Data under study Start Marker
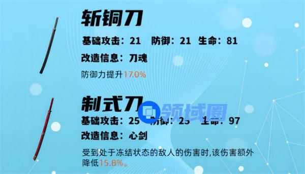 如果队伍搭配可以使敌人一直处于冻结状态,制式刀则优于斩铜刀。反之队伍搭配对冻结状态的优先级不高的话,则斩铜刀优于制式刀
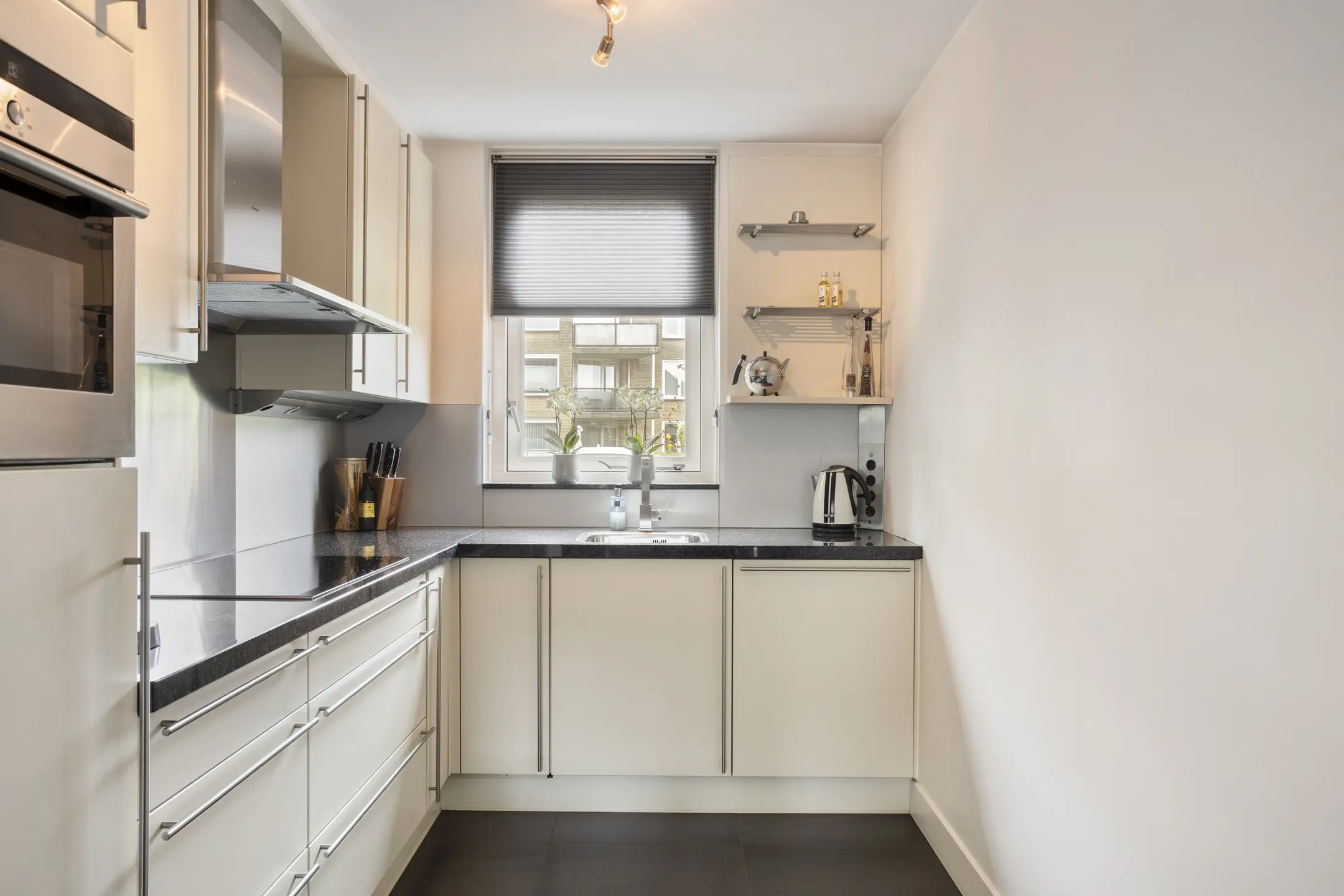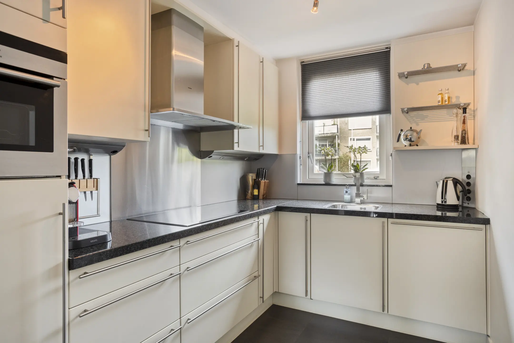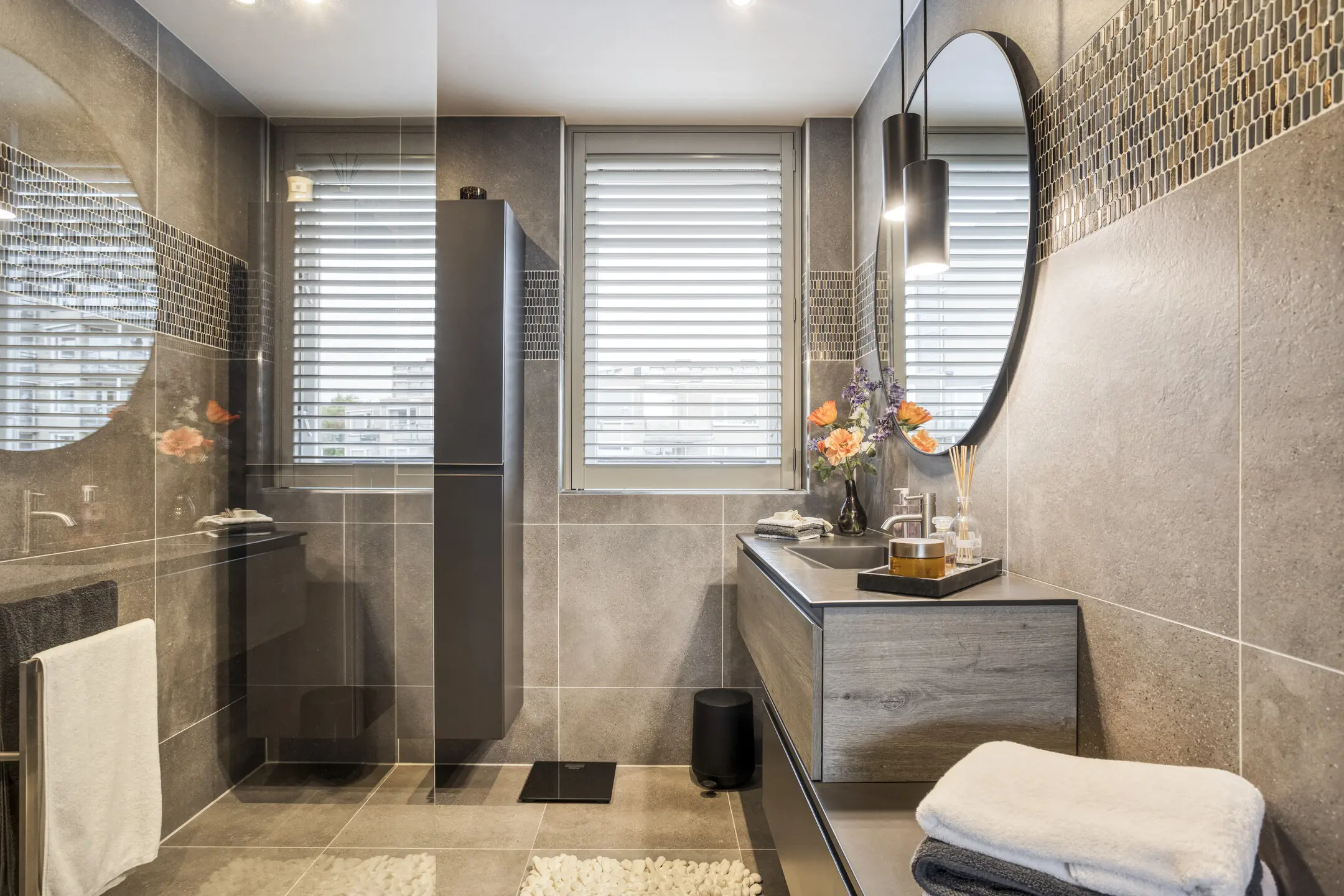 De geheel betegelde luxe badkamer is in 2020 vernieuwd en is uitgerust met een inloopdouche, wastafelmeubel, spiegel en twee kasten. Prettig is het raam dat open kan zodat er naast de mechanische ventilatie ook op een natuurlijke manier geventileerd kan worden. Separate toiletruimte (2016) in grijs/witte kleurstelling met wandcloset.
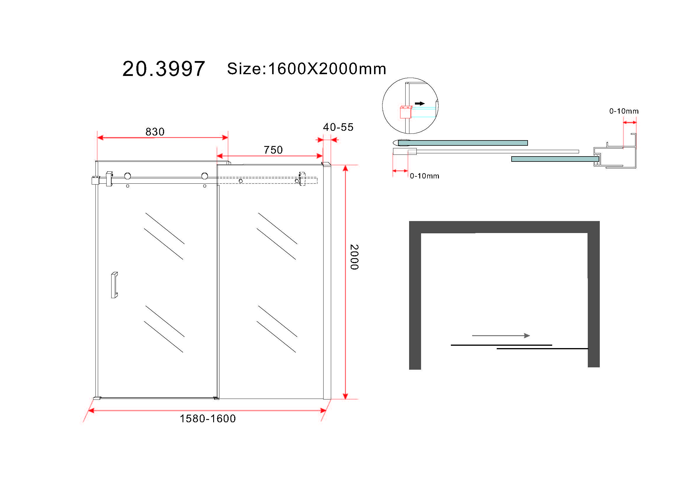Wiesbaden Slide nis schuifdeur 1600 x 2000 x 8 mm nano helder glas/chroom
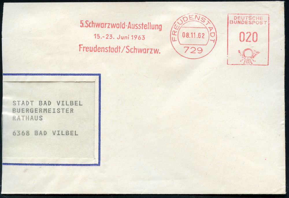 4270 | 10 € | POSTLEITRAUM 7200 (OHNE TUTTLINGEN) : 729 FREUDENSTADT/ 5.Schwarzwald-Ausstellung/ 15.-23.Juni 1963.. 1962 (8.11.) kommunaler AFS Francotyp "Posthorn" auf Teil-Bf. (Dü.E-26) | ![]() | |
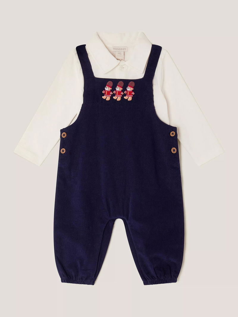 Baby Cotton Guardsman Bear Dungaree Set, Navy
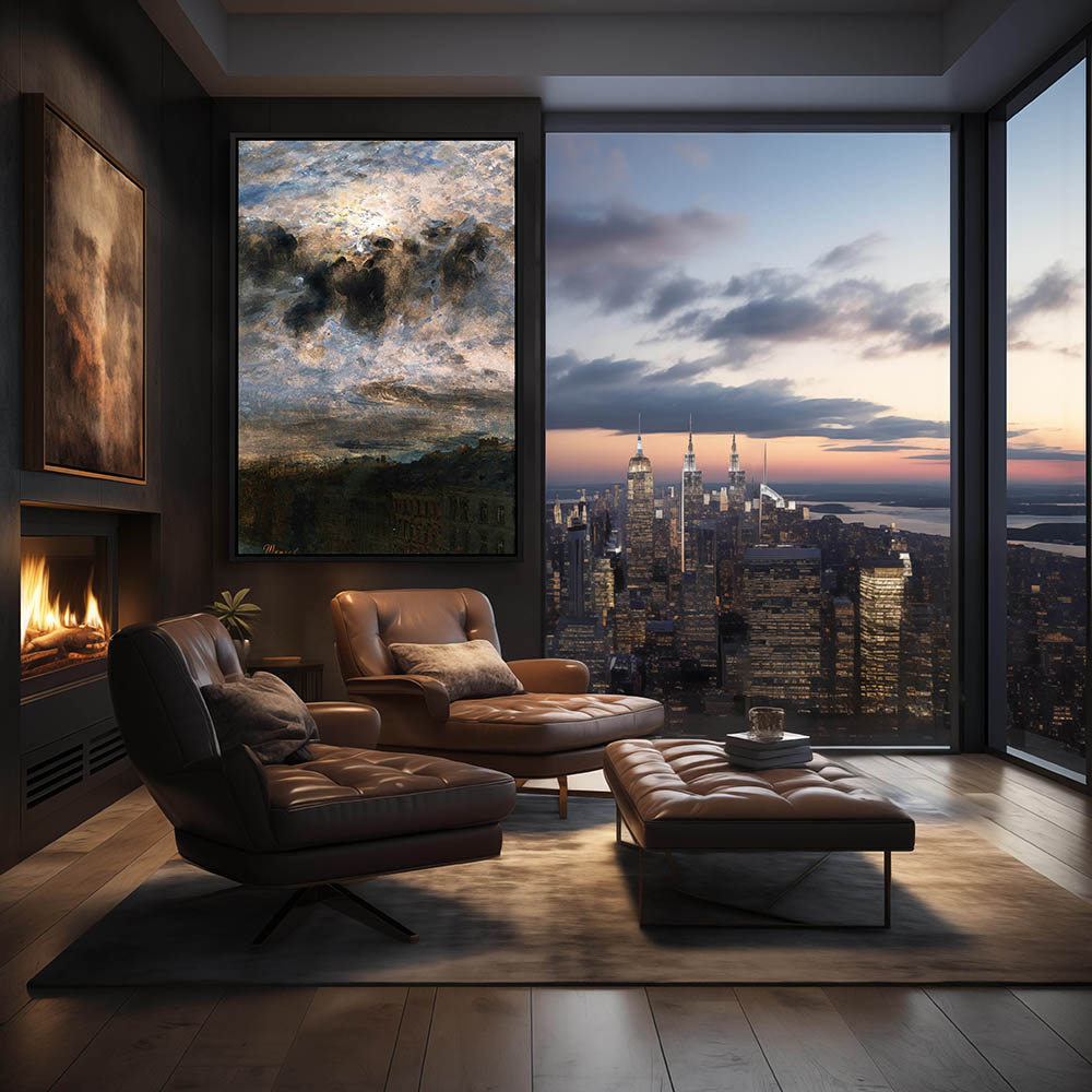 Dark and moody cityscape painting of a street view at night, perfect for home décor, wall décor, or as a striking piece of wall art. Available as a painting, stretched canvas, metal wall art, metal prints, framed prints, fine art prints, poster art, or canvas wall art framed with floater frames.
Data under study End Marker
Any picture among the entries must be skipped; copy all else exactly.

 如果队伍搭配可以使敌人一直处于冻结状态,制式刀则优于斩铜刀。反之队伍搭配对冻结状态的优先级不高的话,则斩铜刀优于制式刀
 De geheel betegelde luxe badkamer is in 2020 vernieuwd en is uitgerust met een inloopdouche, wastafelmeubel, spiegel en twee kasten. Prettig is het raam dat open kan zodat er naast de mechanische ventilatie ook op een natuurlijke manier geventileerd kan worden. Separate toiletruimte (2016) in grijs/witte kleurstelling met wandcloset.
Wiesbaden Slide nis schuifdeur 1600 x 2000 x 8 mm nano helder glas/chroom
 4270 | 10 € | POSTLEITRAUM 7200 (OHNE TUTTLINGEN) : 729 FREUDENSTADT/ 5.Schwarzwald-Ausstellung/ 15.-23.Juni 1963.. 1962 (8.11.) kommunaler AFS Francotyp "Posthorn" auf Teil-Bf. (Dü.E-26) | ![]() | |
 Baby Cotton Guardsman Bear Dungaree Set, Navy
 Dark and moody cityscape painting of a street view at night, perfect for home décor, wall décor, or as a striking piece of wall art. Available as a painting, stretched canvas, metal wall art, metal prints, framed prints, fine art prints, poster art, or canvas wall art framed with floater frames.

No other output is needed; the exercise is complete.